However, having established the exact place of the death of Magnus Erickson, we only partially shed light on the problem over which historians racked their brains in the last century - where does the Full River flow? The fact is that this toponym is also found in other Russian chronicles, and already without any connection with Magnus.

IN various lists XIV - XV centuries, included in the "Novgorod Chronicle of the Elder and Younger", under the year 6826 (that is, 1318) we find the following lines: Prince of Sumy and Piskupl ... "

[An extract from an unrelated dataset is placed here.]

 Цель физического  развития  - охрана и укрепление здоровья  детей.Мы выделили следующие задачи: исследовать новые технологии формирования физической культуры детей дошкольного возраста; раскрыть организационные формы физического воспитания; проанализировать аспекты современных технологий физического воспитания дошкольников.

"Sum" is the old Russian name for one of the Finnish tribes - Suomi. This means that the Complete River from this chronicle is located somewhere in Finland. In the geographical index to the "Novgorod First Chronicle" and it says: "p. Complete in Sumy land. " Heikki Kirkinen interprets this chronicle even more definitely: it speaks of the city of Turku and the episcopal castle (hence “Piskupl”) at the mouth of the Aurajoki river, which means “complete” in Finnish.

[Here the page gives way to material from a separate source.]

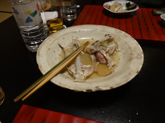刺身・カワハギの煮物(余りの旨さに骨だけに)は旨かった

Vyazemsky also pointed to this when he wrote that "the River Full, in Finnish Aurajoki, is mentioned during the Russian raid in 1318, during which the Russians burned down the city of Abo or Türkyu." And most likely precisely because of the consonance of the name of the fjord in the North Sea and the Russian name of the river in Finland, which is well known to Novgorodians and is also in the zone of constant clashes with the Swedes, in the "Magnus' Manuscript" the Full River appears as a place where after the shipwreck washed ashore unfortunate Magnus.

But what kind of Spassky monastery, which was then identified with Valaam, appears in the chronicle?

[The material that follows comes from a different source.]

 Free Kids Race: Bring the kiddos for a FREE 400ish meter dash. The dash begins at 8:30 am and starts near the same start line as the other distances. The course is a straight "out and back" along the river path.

In Turku on Aurajoki at that time there was no Spassky monastery - there was only the monastery of St. Olava. But here's what's interesting: Christian Lange's book "History of Norwegian Monasteries" mentions a certain monastery on an island in Blomfjord, not far from Bergen. The name of this monastery has not survived, but it is known that it existed since 1230. There was a church of Christ, but later it was named after St. Olava. Most likely it was this monastery that turned into the “monastery of St. Spas "on the river Polnaya.

The monks tried to confirm the authenticity of Magnus's grave on Valaam by its very existence: they say, “the grave cannot be invented”. The writer Vasily Nemirovich-Danchenko also notes that "they refer to the fact that the Swedes, who most persistently reject the described fact, nevertheless cannot indicate where Magnus's body is." This is really so: no one knows the place of the real burial of Magnus.

According to Ulmarx's version, Magnus's servants managed to drag him to the sand near Shee, but he died shortly after. In which church, writes this modern Swedish author, Magnus was buried is unknown. As for the "Tomb of Magnus Smek" by the seashore in Schee, Ulmarx himself writes that the monuments resembling the burial in this area date back to the Bronze Age and are a thousand years older than King Magnus, and only "popular love and compassion connected his name with the most impressive of its kind on the west coast of Sweden. "

Maybe Magnus drowned and disappeared altogether without a trace, leaving no grave behind? But here is what Olaf Dalin writes: "On this occasion, none of the drowned were found, except for him alone (Magnus. - Author), and therefore the common people considered him a saint." Doesn't it sound like a Valaam legend? In addition, the historian adds:
"They think that his body was placed in the monastery of Warngham" ( male monastery in Skaraborg, West Getland, founded in 1150 - Ed.). This is even more reminiscent of the Valaam traditions. And therefore, Vyazemsky's suggestion looks all the more curious: “We know almost nothing about the relationship of monasteries in the Finnish and Swedish lands to the Greek Church; Russian and Swedish monasteries in the XIII and XIV centuries could be in such a connection with each other that the events taking place in one monastery were regarded as their own. "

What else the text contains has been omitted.